[Materials provided — start]
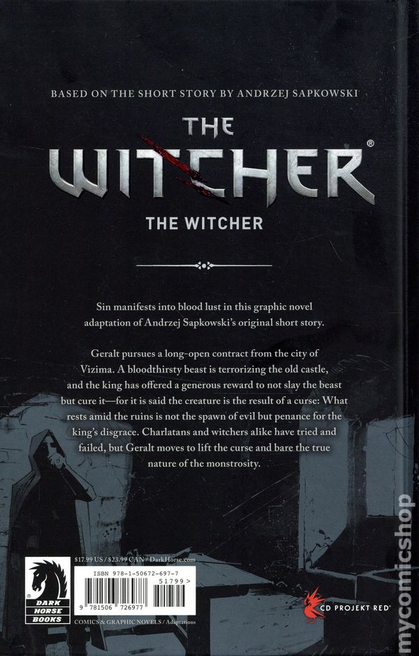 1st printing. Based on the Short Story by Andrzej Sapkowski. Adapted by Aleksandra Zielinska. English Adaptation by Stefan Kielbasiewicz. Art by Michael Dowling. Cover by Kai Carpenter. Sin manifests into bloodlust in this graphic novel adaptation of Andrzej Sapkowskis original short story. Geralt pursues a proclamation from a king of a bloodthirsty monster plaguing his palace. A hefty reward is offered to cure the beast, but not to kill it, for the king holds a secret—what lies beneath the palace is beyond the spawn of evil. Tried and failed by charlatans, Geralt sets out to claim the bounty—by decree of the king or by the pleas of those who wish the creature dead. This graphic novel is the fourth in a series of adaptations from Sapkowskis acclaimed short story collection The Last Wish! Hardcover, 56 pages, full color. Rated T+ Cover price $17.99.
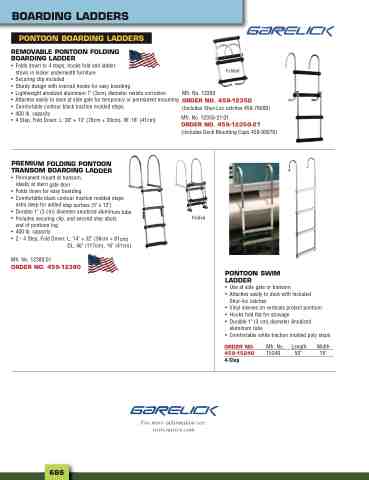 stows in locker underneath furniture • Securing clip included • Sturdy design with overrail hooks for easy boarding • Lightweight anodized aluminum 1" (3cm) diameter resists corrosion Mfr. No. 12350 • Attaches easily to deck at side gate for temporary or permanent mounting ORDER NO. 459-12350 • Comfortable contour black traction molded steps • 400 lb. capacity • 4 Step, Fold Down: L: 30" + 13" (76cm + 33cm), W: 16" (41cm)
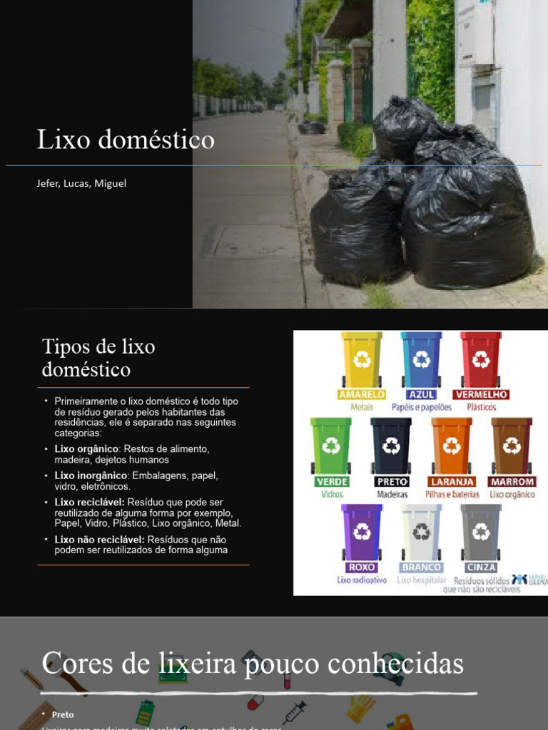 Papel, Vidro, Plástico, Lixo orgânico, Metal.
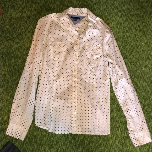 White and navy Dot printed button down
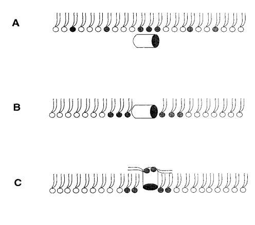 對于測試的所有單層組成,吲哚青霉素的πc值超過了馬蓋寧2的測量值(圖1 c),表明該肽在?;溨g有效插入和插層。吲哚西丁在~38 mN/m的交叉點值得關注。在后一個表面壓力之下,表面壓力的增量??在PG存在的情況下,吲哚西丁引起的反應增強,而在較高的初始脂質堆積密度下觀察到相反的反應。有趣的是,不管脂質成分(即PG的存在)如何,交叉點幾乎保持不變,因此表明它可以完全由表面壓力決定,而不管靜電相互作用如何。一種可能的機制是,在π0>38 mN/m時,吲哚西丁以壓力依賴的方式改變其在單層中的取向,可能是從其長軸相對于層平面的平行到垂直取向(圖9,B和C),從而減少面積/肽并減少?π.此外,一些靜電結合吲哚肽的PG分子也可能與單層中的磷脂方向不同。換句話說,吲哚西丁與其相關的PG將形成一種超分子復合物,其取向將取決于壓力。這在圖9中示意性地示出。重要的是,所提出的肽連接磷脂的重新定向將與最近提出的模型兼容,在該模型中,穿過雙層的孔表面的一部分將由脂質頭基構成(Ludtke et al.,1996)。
[Materials provided — finish]
• _What to work on_: Since only the text is needed, retype the data above exactly and omit the pictures.

• _Exercise solution_:
 1st printing. Based on the Short Story by Andrzej Sapkowski. Adapted by Aleksandra Zielinska. English Adaptation by Stefan Kielbasiewicz. Art by Michael Dowling. Cover by Kai Carpenter. Sin manifests into bloodlust in this graphic novel adaptation of Andrzej Sapkowskis original short story. Geralt pursues a proclamation from a king of a bloodthirsty monster plaguing his palace. A hefty reward is offered to cure the beast, but not to kill it, for the king holds a secret—what lies beneath the palace is beyond the spawn of evil. Tried and failed by charlatans, Geralt sets out to claim the bounty—by decree of the king or by the pleas of those who wish the creature dead. This graphic novel is the fourth in a series of adaptations from Sapkowskis acclaimed short story collection The Last Wish! Hardcover, 56 pages, full color. Rated T+ Cover price $17.99.
 stows in locker underneath furniture • Securing clip included • Sturdy design with overrail hooks for easy boarding • Lightweight anodized aluminum 1" (3cm) diameter resists corrosion Mfr. No. 12350 • Attaches easily to deck at side gate for temporary or permanent mounting ORDER NO. 459-12350 • Comfortable contour black traction molded steps • 400 lb. capacity • 4 Step, Fold Down: L: 30" + 13" (76cm + 33cm), W: 16" (41cm)
 Papel, Vidro, Plástico, Lixo orgânico, Metal.
 White and navy Dot printed button down
 對于測試的所有單層組成,吲哚青霉素的πc值超過了馬蓋寧2的測量值(圖1 c),表明該肽在?;溨g有效插入和插層。吲哚西丁在~38 mN/m的交叉點值得關注。在后一個表面壓力之下,表面壓力的增量??在PG存在的情況下,吲哚西丁引起的反應增強,而在較高的初始脂質堆積密度下觀察到相反的反應。有趣的是,不管脂質成分(即PG的存在)如何,交叉點幾乎保持不變,因此表明它可以完全由表面壓力決定,而不管靜電相互作用如何。一種可能的機制是,在π0>38 mN/m時,吲哚西丁以壓力依賴的方式改變其在單層中的取向,可能是從其長軸相對于層平面的平行到垂直取向(圖9,B和C),從而減少面積/肽并減少?π.此外,一些靜電結合吲哚肽的PG分子也可能與單層中的磷脂方向不同。換句話說,吲哚西丁與其相關的PG將形成一種超分子復合物,其取向將取決于壓力。這在圖9中示意性地示出。重要的是,所提出的肽連接磷脂的重新定向將與最近提出的模型兼容,在該模型中,穿過雙層的孔表面的一部分將由脂質頭基構成(Ludtke et al.,1996)。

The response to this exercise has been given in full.